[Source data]
-----
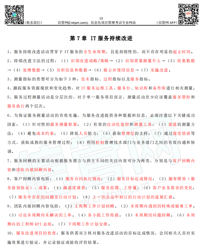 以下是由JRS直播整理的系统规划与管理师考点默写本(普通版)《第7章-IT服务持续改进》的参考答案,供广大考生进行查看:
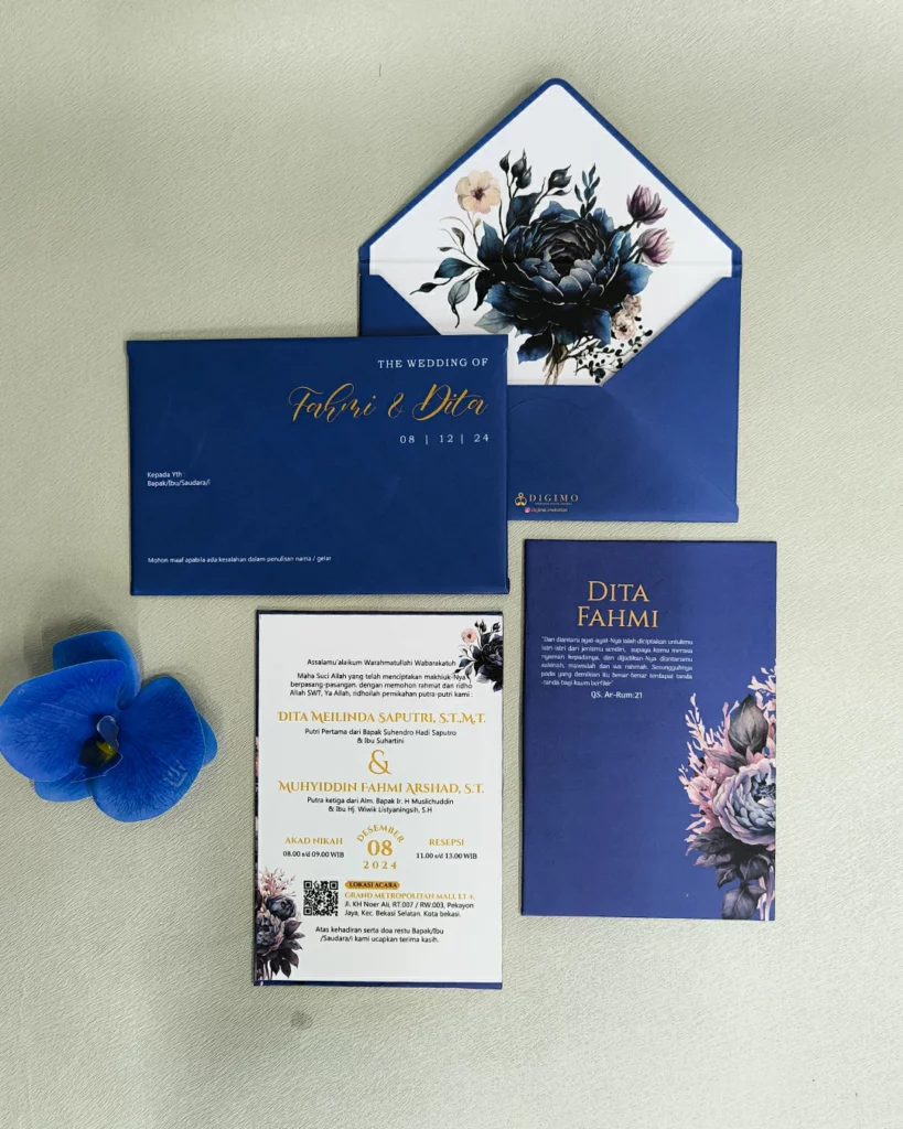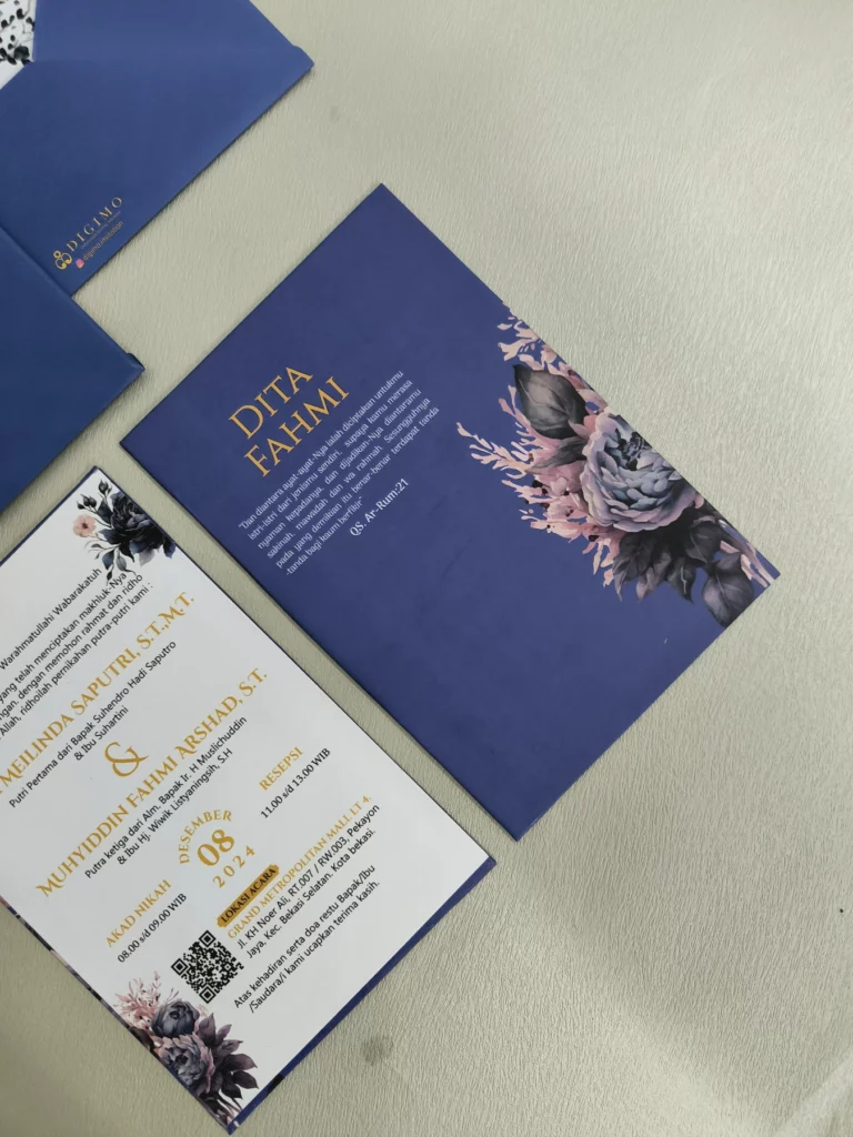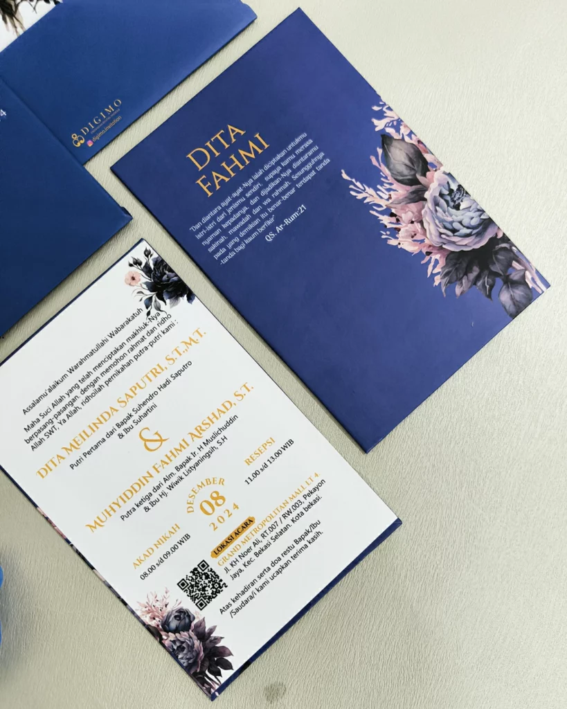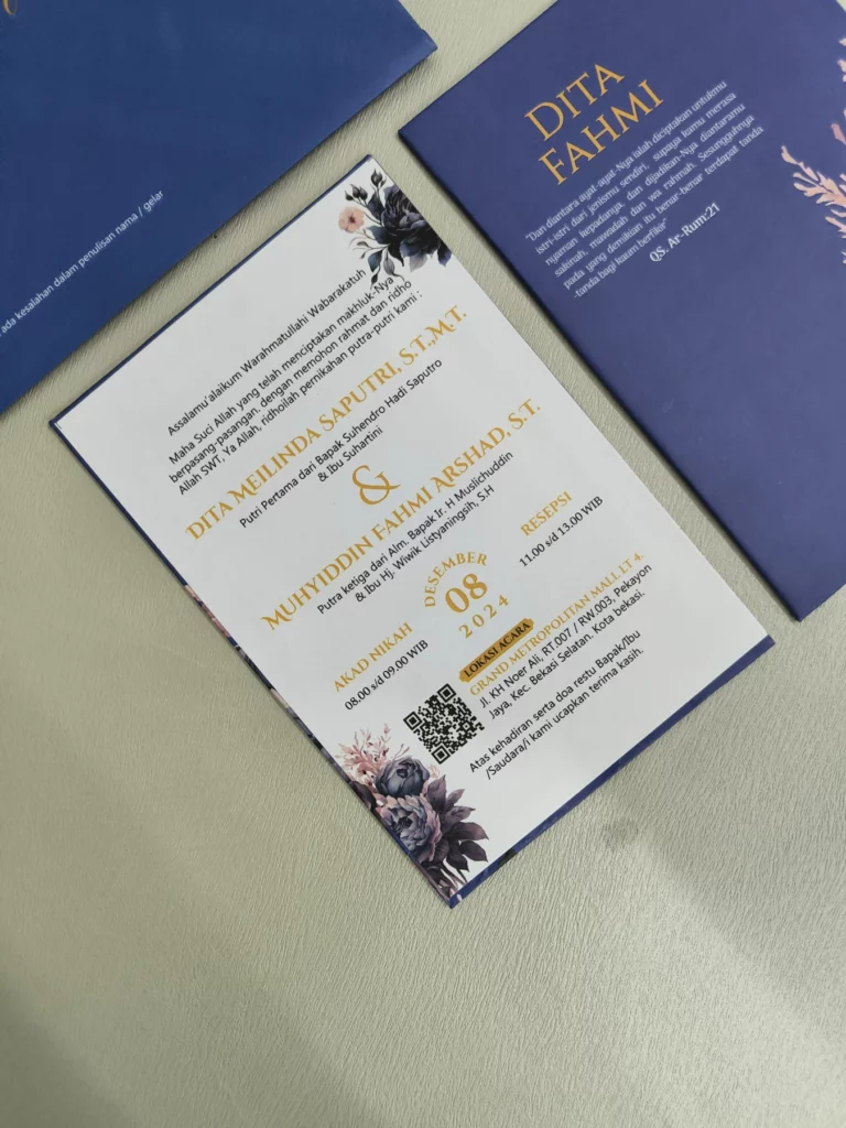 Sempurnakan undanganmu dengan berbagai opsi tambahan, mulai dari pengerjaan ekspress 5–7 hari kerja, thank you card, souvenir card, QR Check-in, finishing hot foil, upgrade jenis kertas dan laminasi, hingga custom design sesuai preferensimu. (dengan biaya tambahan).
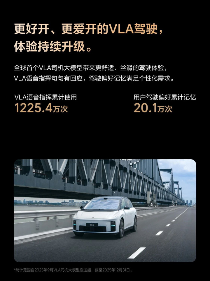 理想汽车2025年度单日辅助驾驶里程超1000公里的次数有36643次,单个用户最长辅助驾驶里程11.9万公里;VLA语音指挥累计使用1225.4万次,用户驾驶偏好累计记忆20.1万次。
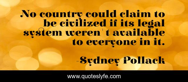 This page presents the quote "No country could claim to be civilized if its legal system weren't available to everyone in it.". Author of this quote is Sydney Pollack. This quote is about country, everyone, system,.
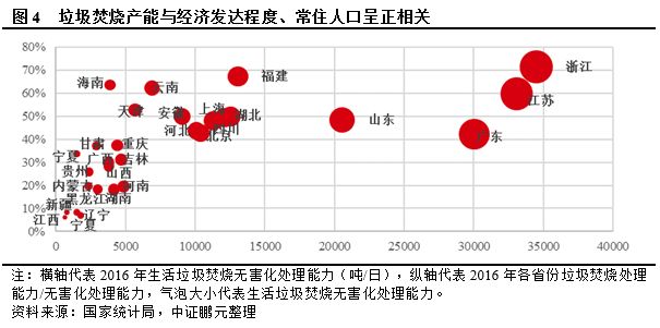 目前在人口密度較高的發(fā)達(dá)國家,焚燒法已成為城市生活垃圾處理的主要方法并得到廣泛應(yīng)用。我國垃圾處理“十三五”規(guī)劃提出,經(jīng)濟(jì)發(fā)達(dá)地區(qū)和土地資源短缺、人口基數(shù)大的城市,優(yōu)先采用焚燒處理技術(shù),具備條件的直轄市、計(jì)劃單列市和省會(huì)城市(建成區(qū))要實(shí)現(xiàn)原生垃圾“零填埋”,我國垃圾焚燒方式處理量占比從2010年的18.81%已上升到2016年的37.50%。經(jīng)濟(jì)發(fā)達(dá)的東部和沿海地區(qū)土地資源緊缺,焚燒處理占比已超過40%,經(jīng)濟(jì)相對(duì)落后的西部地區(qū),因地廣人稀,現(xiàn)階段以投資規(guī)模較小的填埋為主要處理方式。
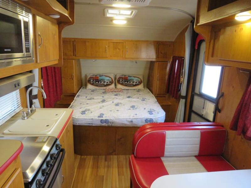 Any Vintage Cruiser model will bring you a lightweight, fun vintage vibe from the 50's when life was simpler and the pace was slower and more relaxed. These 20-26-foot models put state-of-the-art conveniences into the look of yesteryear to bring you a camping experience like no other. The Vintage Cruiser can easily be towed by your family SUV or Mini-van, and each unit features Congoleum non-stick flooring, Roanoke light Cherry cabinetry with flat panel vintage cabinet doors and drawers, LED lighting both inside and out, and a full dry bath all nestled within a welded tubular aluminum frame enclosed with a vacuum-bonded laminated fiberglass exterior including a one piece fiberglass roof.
-----
* _Task objective_: The job here is to write out the records exactly, pictures excluded.

* _Reply_:
 以下是由JRS直播整理的系统规划与管理师考点默写本(普通版)《第7章-IT服务持续改进》的参考答案,供广大考生进行查看:
 Sempurnakan undanganmu dengan berbagai opsi tambahan, mulai dari pengerjaan ekspress 5–7 hari kerja, thank you card, souvenir card, QR Check-in, finishing hot foil, upgrade jenis kertas dan laminasi, hingga custom design sesuai preferensimu. (dengan biaya tambahan).
 理想汽车2025年度单日辅助驾驶里程超1000公里的次数有36643次,单个用户最长辅助驾驶里程11.9万公里;VLA语音指挥累计使用1225.4万次,用户驾驶偏好累计记忆20.1万次。
 This page presents the quote "No country could claim to be civilized if its legal system weren't available to everyone in it.". Author of this quote is Sydney Pollack. This quote is about country, everyone, system,.
 目前在人口密度較高的發(fā)達(dá)國家,焚燒法已成為城市生活垃圾處理的主要方法并得到廣泛應(yīng)用。我國垃圾處理“十三五”規(guī)劃提出,經(jīng)濟(jì)發(fā)達(dá)地區(qū)和土地資源短缺、人口基數(shù)大的城市,優(yōu)先采用焚燒處理技術(shù),具備條件的直轄市、計(jì)劃單列市和省會(huì)城市(建成區(qū))要實(shí)現(xiàn)原生垃圾“零填埋”,我國垃圾焚燒方式處理量占比從2010年的18.81%已上升到2016年的37.50%。經(jīng)濟(jì)發(fā)達(dá)的東部和沿海地區(qū)土地資源緊缺,焚燒處理占比已超過40%,經(jīng)濟(jì)相對(duì)落后的西部地區(qū),因地廣人稀,現(xiàn)階段以投資規(guī)模較小的填埋為主要處理方式。
 Any Vintage Cruiser model will bring you a lightweight, fun vintage vibe from the 50's when life was simpler and the pace was slower and more relaxed. These 20-26-foot models put state-of-the-art conveniences into the look of yesteryear to bring you a camping experience like no other. The Vintage Cruiser can easily be towed by your family SUV or Mini-van, and each unit features Congoleum non-stick flooring, Roanoke light Cherry cabinetry with flat panel vintage cabinet doors and drawers, LED lighting both inside and out, and a full dry bath all nestled within a welded tubular aluminum frame enclosed with a vacuum-bonded laminated fiberglass exterior including a one piece fiberglass roof.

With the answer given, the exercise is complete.